CASH from the sale of student debt must be pumped back into universities for the sake of the British economy, vice chancellors have warned ministers.
They say quality is at risk unless more money is provided for university staff, students, research, innovation and infrastructure.
In its submission to the next Public Expenditure Survey, the Committee of Vice Chancellors and Principals calls for immediate action to shift university funding jointly onto the state, employers and graduates.
While the committee says it will await the results of Sir Ron Dearing's inquiry on higher education, it does not want "a policy vacuum" on funding while the new Government reviews the findings.
It says the sale of the Student Loan Company debt next year should provide about Pounds 1.6 billion for higher education, although the "funding gap" is significantly higher. "CVCP would expect Government to use the bulk of these proceeds to re-invest in higher education," it says.
Vice chancellors also want money now earmarked for maintenance grants to be ploughed back into higher education if the Government decides to scrap the existing means-tested system.
The call follows concern that the Government may want to channel savings from student funding to boost Treasury coffers.

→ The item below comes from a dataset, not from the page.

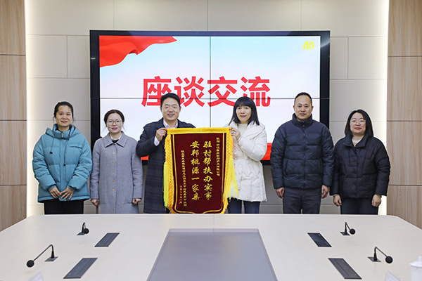 2026年1月23日,江山市凤林镇桃源村书记一行,专程来到衢州星辉,代表桃源村送上一面写有“驻村帮扶办实事 星辉桃源一家亲”的锦旗,对公司近年来在乡村振兴工作中给予的大力支持和真情帮扶表示衷心感谢。公司党委书记、董事长、总经理张淑芬,党委副书记、纪委书记、工会主席马洪庆出席座谈会并交流,党群工作部负责人、机关党支部书记等参加座谈。

A spokesman for the Department for Education and Employment said it was impossible to comment until Dearing reported. And a Treasury spokesman said changes to student grants were still just speculation. "Education is the Government's main priority so it would look carefully as how best to allocate any money," he said.
The CVCP submission, published today, says universities make a powerful contribution to national prosperity but that Britain is lagging behind many other OECD countries in the amount it invests.
It says at least Pounds 474 million is needed for research equipment and another Pounds 1.25 billion for building maintenance. Research infrastructure needs about Pounds 530 million more. The CVCP warns that multinational companies with a UK base are moving their research abroad because of poor university infrastructure, and international students, who add Pounds 1 billion to the trade balance, could be put off by low funding.